5 Brumaire – Jour de l’ OIE

Agenda républicain

Quintidi 5 Brumaire

Jour de l’ OIE.

Quintidi 5, OIE. C’est un oiseau palmipède bien connu ; on appelle ainsi tous ceux qui ont les pieds palmés, c’est-à-dire leurs doigts réunis par une membrane, ce qui est particulier aux oiseaux aquatiques, qui au moyen de cette conformation s’en servent comme de rames. La couleur de l’oie varie : le bec et les pieds sont jaunes dans les jeunes oisons ; ils rougissent dans les oies d’un age plus avancé.

Quoique ces oiseaux vivent par tout, on n’en peut guère tirer grand parti que dans le voisinage des étangs, des ruisseaux ou des rivières ; deux jars ou mâles suffisent pour cinq à six femelles ; elles font trois pontes par an, et dix à douze œufs à chaque ponte.

L’oie dort d’un sommeil léger ; on a repéré l’histoire des oies qui éveillèrent les Romains, et sauvèrent le capitole assiégé par les Gaulois qui avoient trompé la vigilance des chiens : mais tout ce que les historiens ont raconté des premières années de Rome, est établi sur des traditions si contradictoires et si imparfaites que nous n’y devons pas une grande confiance.

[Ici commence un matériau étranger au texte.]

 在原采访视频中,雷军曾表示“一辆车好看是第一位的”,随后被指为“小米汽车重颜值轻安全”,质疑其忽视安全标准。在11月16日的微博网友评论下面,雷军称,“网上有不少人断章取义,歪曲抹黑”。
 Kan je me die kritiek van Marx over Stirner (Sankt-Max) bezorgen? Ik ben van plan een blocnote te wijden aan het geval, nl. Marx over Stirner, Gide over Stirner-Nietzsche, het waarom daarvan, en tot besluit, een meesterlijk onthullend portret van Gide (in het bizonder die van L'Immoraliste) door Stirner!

On mange la chair de l’oie, mais elle est lourde et pesante. On le vendoit autrefois dans les rues aux oyers, aujourd’hui rue aux ours. Les juifs réussissent surtout à l’engraisser. Les foies d’oies ont été très estimés par les Romains et le sont encore aujourd’hui : on en fait à Strasbourg des pâtés chers et recherchés. Pour grossir le volume de ces foies, les Juifs font souffrir aux oies le supplice le plus barbare ; ils les clouent par les pattes dans des cages, avec un réchaud dessous, et ils leur donnent peu à boire, malgré l’altération que cet état violent produit. Dans les pays septentrionaux, on marine les cuisses d’oies en les faisant cuire à moitié dans la graisse, on en fait d’excellens pâtés. La graisse d’oie sert à apprêter les légumes, principalement les chous et à faire d’excellente friture. Les œufs ne sont pas aussi bons que les œufs de poule, cependant on les mange. Les os des cuisses de l’oie servent a faire des appeaux ou espèces de siflets pour appeler les cailles.

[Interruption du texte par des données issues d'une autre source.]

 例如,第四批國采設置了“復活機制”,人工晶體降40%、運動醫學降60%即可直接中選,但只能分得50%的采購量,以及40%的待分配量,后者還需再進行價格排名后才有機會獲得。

L’enveloppe de l’oie est aussi utile que sa substance ; on fait avec les petites plumes, des lits, des coussins, des oreillers, les pennes ou plumes des ailes, servent à écrire.

Les avantages qu’on retire de l’oie, sont donc très-nombreux, mais il ne faut pas le laisser aller dans les jardins ; il brise tout, et sa fiente brûle les plantes. La jusquiame, la ciguë et l’amande amère sont des poisons pour lui.

Les naturalistes regardent l’oie domestique comme une variété ou plutôt une dégénération de l’oie sauvage ; celui-ci est un oiseau de passage, il est du nombre de ceux dont les émigrations périodiques et exactement calculées annoncent à l’agriculteur le retour des différentes époques de l’année, et le tems où il doit commencer ou achever certains travaux rustiques. L’oie sauvage est plus petit que l’oie domestique ; il va en troupe ; cette troupe se forme en un triangle équilatéral, celui qui est en tête fend la colonne d’air et retourne à la queue quand il est fatigué ; lorsqu’ils s’abattent, un dentr’eux fait sentinelle. Ces oiseaux aiment principalement les bourgeons de saule et la presle.